What is the output of lsusb and the relevant part for this device of lsusb -v?

----------

## NeddySeagoon

fernan82,

As well as posting the Vendor and Device IDs for the device, make friends with wgetpaste and share your kernel .config file.

As its a CDC device, as well an the USB Serial driver, you will need the right CDC kernel module.
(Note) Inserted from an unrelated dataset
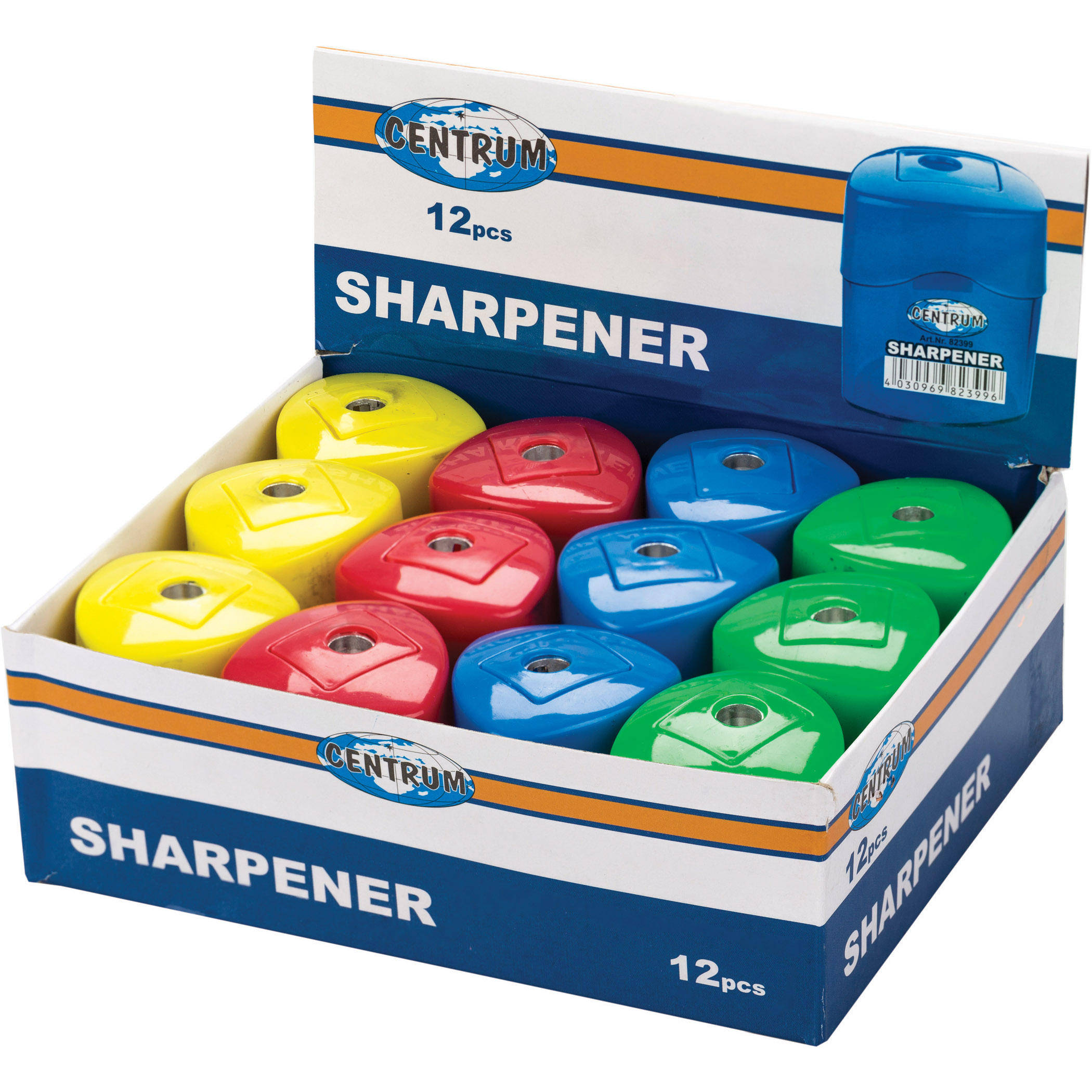 Ascutitoare din plastic cu container este ideala pentru ascutirea creioanelor standard de diferite forme. Ascutitoarea are un container inchis pentru colectarea aschiilor si este echipat cu un orificiu pentru ascutirea creioanelor din grafit colorat si negru. Lama este fabricata din otel de inalta calitate ascutita si rezistenta la deteriorare, fixata cu un surub. Material carcasa plastic. Culoare - asortat. Ambalare: cutie de carton a cate 12 bucati.

There are two serial ports an one is used for the data stream and looks to all intents like a Hayes modem, the other is for meta data about the serial link.

----------

## fernan82

Thanks for replying and sorry I took so long. 

On another laptop using a similar configuration but with the 3.16.1 kernel from upstream it works as expected, it creates a single ttyACM0 device and everything works as it should. I found posts gooing back to 2007 saying that's how it should work so I would think it should work with any recent kernel. I got all USB serial drivers compiled as modules.

Here's the lsusb output:

```

Bus 005 Device 002: ID 04d8:000a Microchip Technology, Inc. CDC RS-232 Emulation Device

```

And I always get HTTP/400 (BAD REQUEST) when I use wgetpaste from this network but here's the kernel config:

http://bpaste.net/show/782faf5bd9e1

----------

## fernan82

It seems it has something to do with Gentoo's Linux dynamic and persistent device naming patch.

I just build the 3.14.14-gentoo kernel with the same .config file. I copied the config file and run make to get the new configuration options, took all the defaults, interrupted the build and ran make menuconfig, disabled the dynamic and persistent device naming option, built it and booted the new kernel and plugged the device and it was properly detected and created a single ttyACM0 node.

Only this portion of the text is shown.